Kaminka, Gal A. (ed.) et al., ECAI 2016. 22nd European conference on artificial intelligence, The Hague, Netherlands, August 29 – September 2, 2016. Proceedings. Including proceedings of the accompanied conference on prestigious applications of intelligent systems (PAIS 2016). In 2 volumes. Amsterdam: IOS Press (ISBN 978-1-61499-671-2/pbk; 978-1-61499-672-9/ebook). Frontiers in Artificial Intelligence and Applications 285, 1096-1104 (2016).

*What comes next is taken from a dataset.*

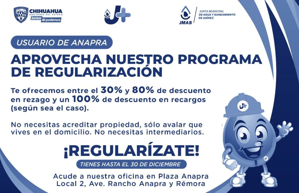 La J+ a través del departamento Comunicación Social informa que, con la finalidad de que los habitantes de Anapra regularicen su situación ante este organismo operador, les ofrece descuentos tanto en rezago como recargos.

Summary: In a previous paper, we have introduced an extension of the lightweight description logic \(\mathcal{EL}\) that allows us to define concepts in an approximate way. For this purpose, we have defined a graded membership function \(\deg\), which for each individual and concept yields a number in the interval \([0, 1]\) expressing the degree to which the individual belongs to the concept. Threshold concepts \(C_{\sim t}\) for \(\sim\;\in\{<,\leq,>,\geq\}\) then collect all the individuals that belong to \(C\) with degree \(\sim t\). We have then investigated the complexity of reasoning in the description logic \(\tau\mathcal{EL}(\deg)\), which is obtained from \(\mathcal{EL}\) by adding such threshold concepts. In the present paper, we extend these results, which were obtained for reasoning without TBoxes, to the case of reasoning w.r.t. acyclic TBoxes. Surprisingly, this is not as easy as might have been expected. On the one hand, one must be quite careful to define acyclic TBoxes such that they still just introduce abbreviations for complex concepts, and thus can be unfolded. On the other hand, it turns out that, in contrast to the case of \(\mathcal{EL}\), adding acyclic TBoxes to \(\tau\mathcal{EL}(\deg)\) increases the complexity of reasoning by at least on level of the polynomial hierarchy.
For the entire collection see [Zbl 1352.68013].